6. Conclusions and Future Work
Digital images contain a large amount of relevant information. Because of this, they have become very important in legal procedures as they can be used as evidence of great value in a trial’ resolution. For the images to be valid as evidence, it must be possible to guarantee its authenticity and integrity in a reliable way. Nowadays, there are numerous image editing applications that deliver highly professional results, thus making it harder to detect forgeries. Therefore, it is of great interest to have forensic tools for image forgeries detection that can guarantee the image integrity.
In this work, an exhaustive study on existing forgery detection techniques has been carried out, putting emphasis on image splicing and copy-paste detection. In addition, a new approach for forgery detection that improves the results obtained in previous investigations was presented. This technique is based on the DWT with LBP histograms and QMF.
This technique extracts the wavelet characteristics and obtains the histogram by applying LBP on the image under analysis. Finally, it improves the detection accuracy with QMF and classifies the image.
A set of experiments have been carried out using four benchmark datasets (CASIA v1.0, CASIA v2.0, Columbia and IFS-TC datasets) of the state of the art to evaluate the proposed technique.
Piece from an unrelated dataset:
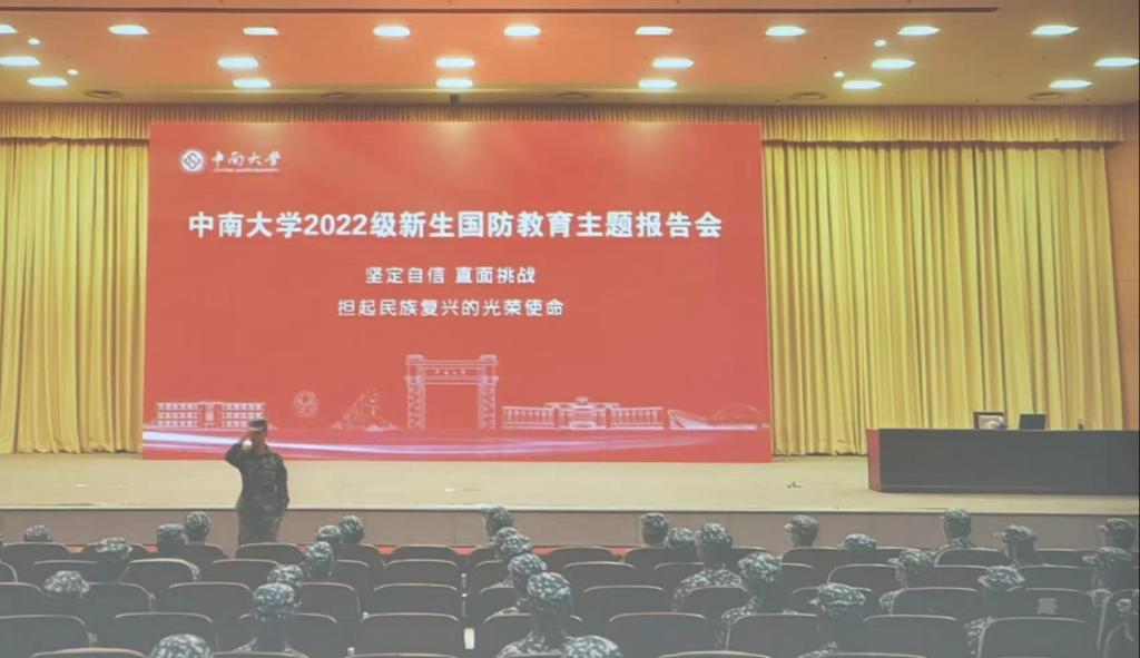 经过了热火朝天的队列考核还有特殊队列的选拔,大家的训练热情在麓山的秋色中有增无减。迄今,同学们已进行了十天的军事训练,本着劳逸结合的原则,今天下午的思政课正是为同学们搭建了一个放松身体、充实思想的平台。本次课程是国防主题报告会,以线下报告与线上直播相结合的方式进行。
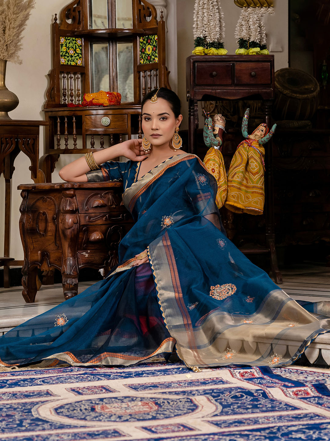Note: The blouse shown in the pictures is just for Photoshoot purposes. The blouse you will get will be an attached running blouse.

The results, after carrying out all of the experiments, shows that the proposed algorithm reaches a better accuracy compared with the state-of-the-art algorithms using the same datasets, showing a better accuracy on tampering detection in most of the cases.
At the same time, the algorithm proved to be efficient in tests made after comparing their execution time with other algorithms. This is due to the algorithm not dividing the image into blocks, thus working directly with the original image.
Since the deep-learning approach arises as a solution for computer vision problems [
42,
43], as future work, its necessary to execute and compare this algorithm using deep-learning techniques and increasing the size of the used datasets.